1. #1

    Clarification on RAID hard drive setup.

    My beast of a computer is coming along nicely, and in a month's time I should have the money to grab my high end graphics card. After that, my last component to worry about is my hard drives. It's taken me several months to get that graphics card because I've also been working on paying off a couple major, unexpected things that have popped up (a car accident that, legally, was my fault, but the person who hit me HAD to have been speeding, we'll not get into it, and another entirely convoluted scenario not even worth mentioning...), but this is my final month paying both of them off, and in actuality, I have more disposable income than income that has to go towards bills and necessities, so I'll be upgrading my Hard Drive setup in pretty big ways and pretty quickly.

    I'm thinking about rocking out a RAID 0 across four 3TB hard drives (it seems like no matter how big a hard drive I get, and expect to never fill it up, it gets full within a year's time), plus a 240 GB Solid State Hard Drive.

    The question is, after reading some stuff on RAID 0, I get the impression that it uses all of the drives simultaneously to increase throughput speeds. I read that there's no mirror redundancy. What I'm hoping for is that, and this is the impression that I'm getting, the four hard drives will work as a single, massive 12 TB drive.

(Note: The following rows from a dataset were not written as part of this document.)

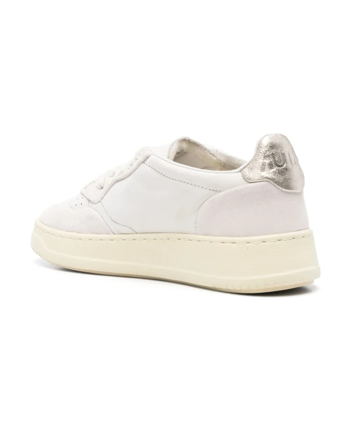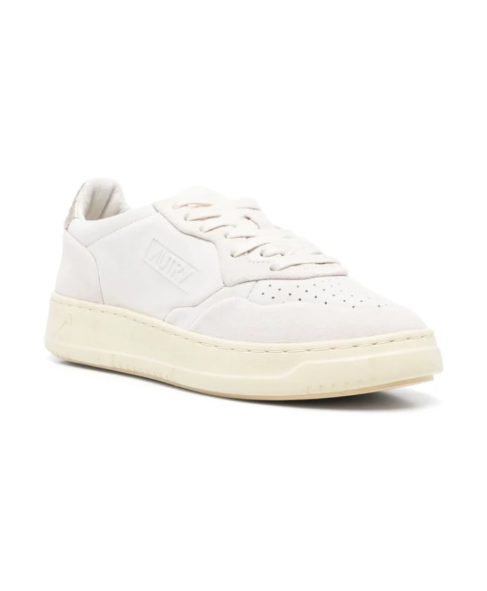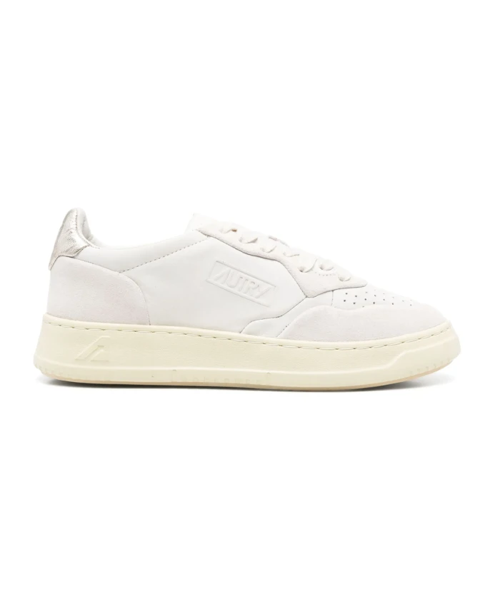 Белые кроссовки Autry для женщин с передней шнуровкой, перфорированным носком, фирменной стелькой и закругленным носком.
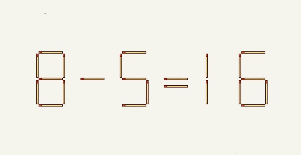 А случилась сегодня интереснейшая головоломка! Разве это не повод обрадоваться и настроиться на приятное времяпрепровождение?! А нужно, как и всегда, переместить 1 спичку. Неверное равенство 8–5=16 должно за 30 секунд превратиться в верное. Поехали?
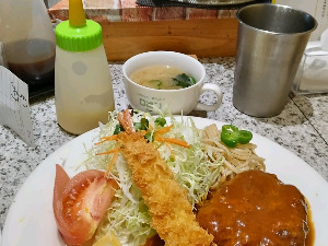ハンバーグは分厚くて、肉感がありうまい。 えびフライもでかい。1,110円はコスパよし

    Is my understanding of RAID 0 correct? I want massive storage, but I don't want to have to deal with multiple partitions and multiple drive letters, etc...

    I'm hoping to use my SSD as my system drive, plus the drive I'll use to play my serious MMOs and other online games, and my 4 3TB drives will be used for general game/media/document storage, plus where I'll be saving my audio and video projects on.

    (sorry for yet another long-winded post that probably would've been just as effective with 1-2 paragraphs... >_>)
    Quote Originally Posted by Novakhoro View Post
    I recommend shoulder surgery immediately... there's no way you didn't fuck it up with how hard you just reached.

  2. #2
    You could do that, but with RAID-0 you're getting no redundancy. So while yes you'd have no more than a couple of "drive letters" if one of those drives goes bad, they all go bad.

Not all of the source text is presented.